■ Instructions for the task
Transcribe all data verbatim. Skip the pictures.

■ Provided material

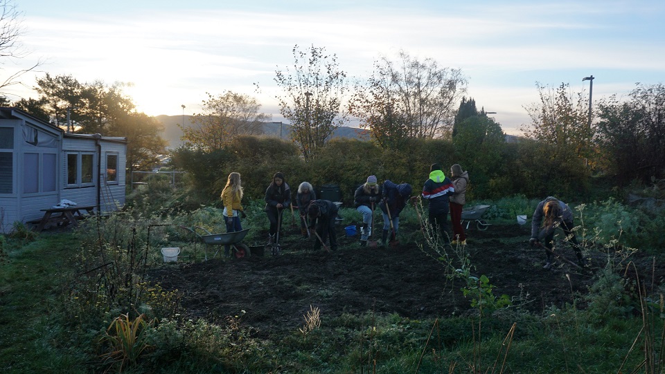 BILDER FRA EN TO UKERS PERIODE MED 8. KLASSE HVOR ELEVENE LÆRTE Å LAGE KOMPOST OG SKAPTE LANDSKAPSKUNST:
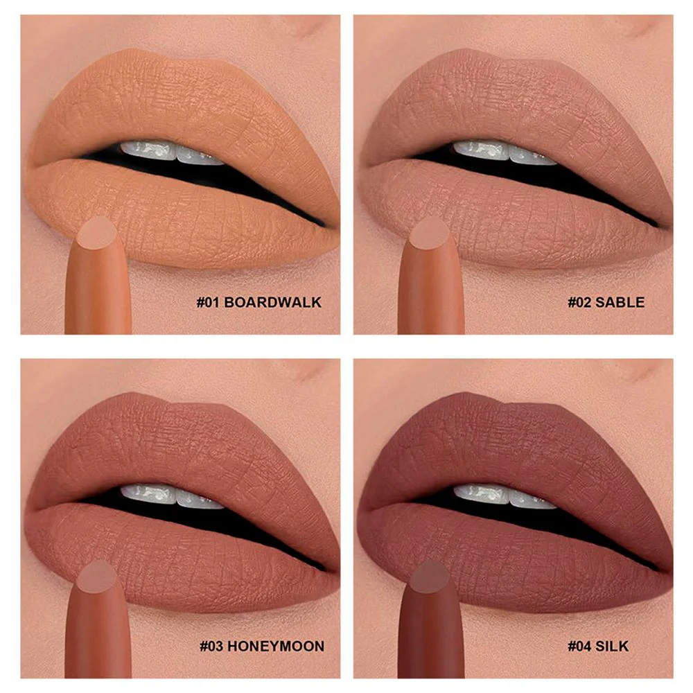 The combination of kaolin, silica, and microcrystalline wax creates a soft-focus blurring effect, smoothing the appearance of lip texture while delivering a plush, velvety matte.
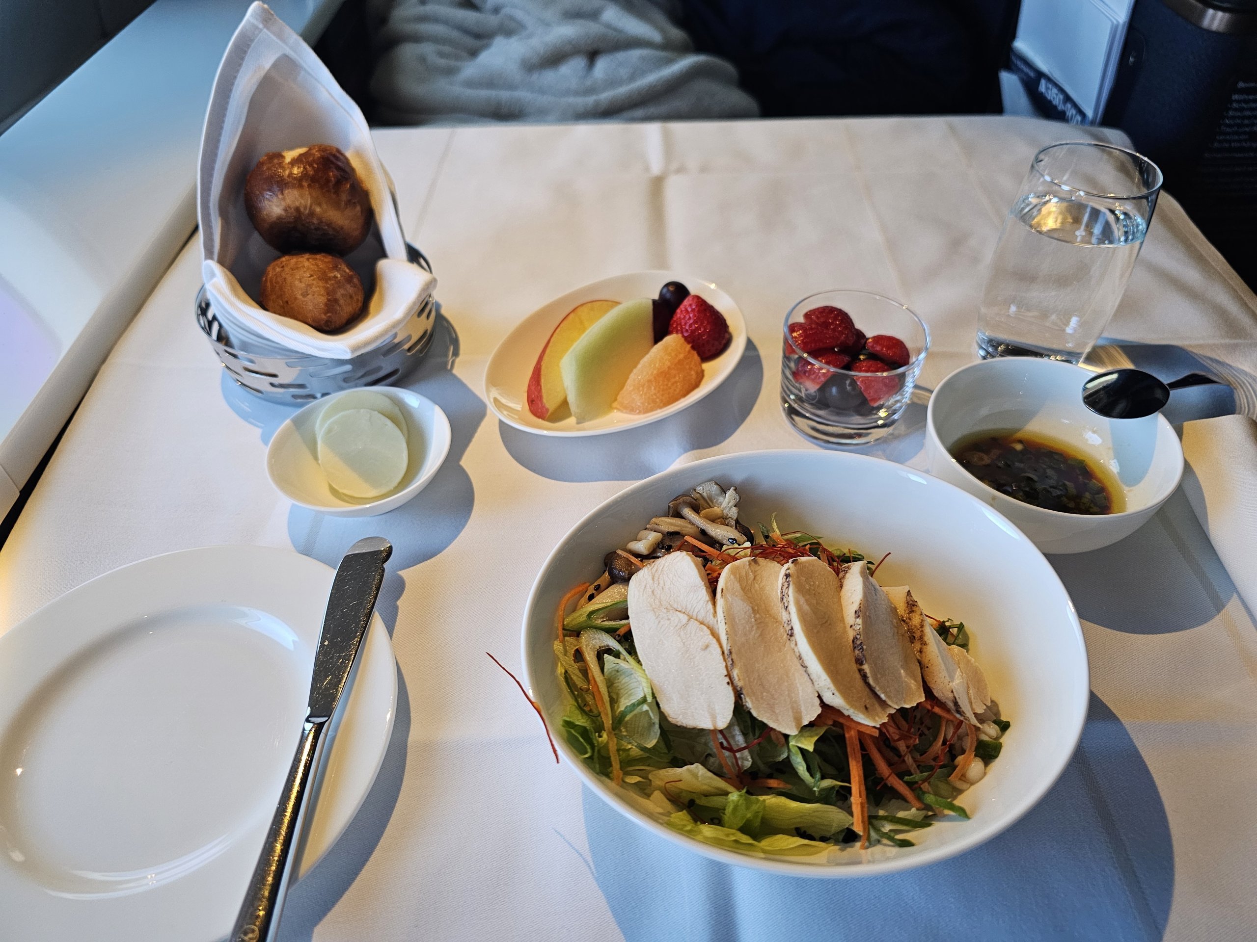 Die Vorspeise ist sehr frisch, bunt, leicht und großartig! Mir gefällt die Präsentation, und im Vergleich zum Service in der Business Class sind die Speisen reichhaltiger und viel abwechslungsreicher.

■ Answer for the task
 BILDER FRA EN TO UKERS PERIODE MED 8. KLASSE HVOR ELEVENE LÆRTE Å LAGE KOMPOST OG SKAPTE LANDSKAPSKUNST:
 The combination of kaolin, silica, and microcrystalline wax creates a soft-focus blurring effect, smoothing the appearance of lip texture while delivering a plush, velvety matte.
 Die Vorspeise ist sehr frisch, bunt, leicht und großartig! Mir gefällt die Präsentation, und im Vergleich zum Service in der Business Class sind die Speisen reichhaltiger und viel abwechslungsreicher.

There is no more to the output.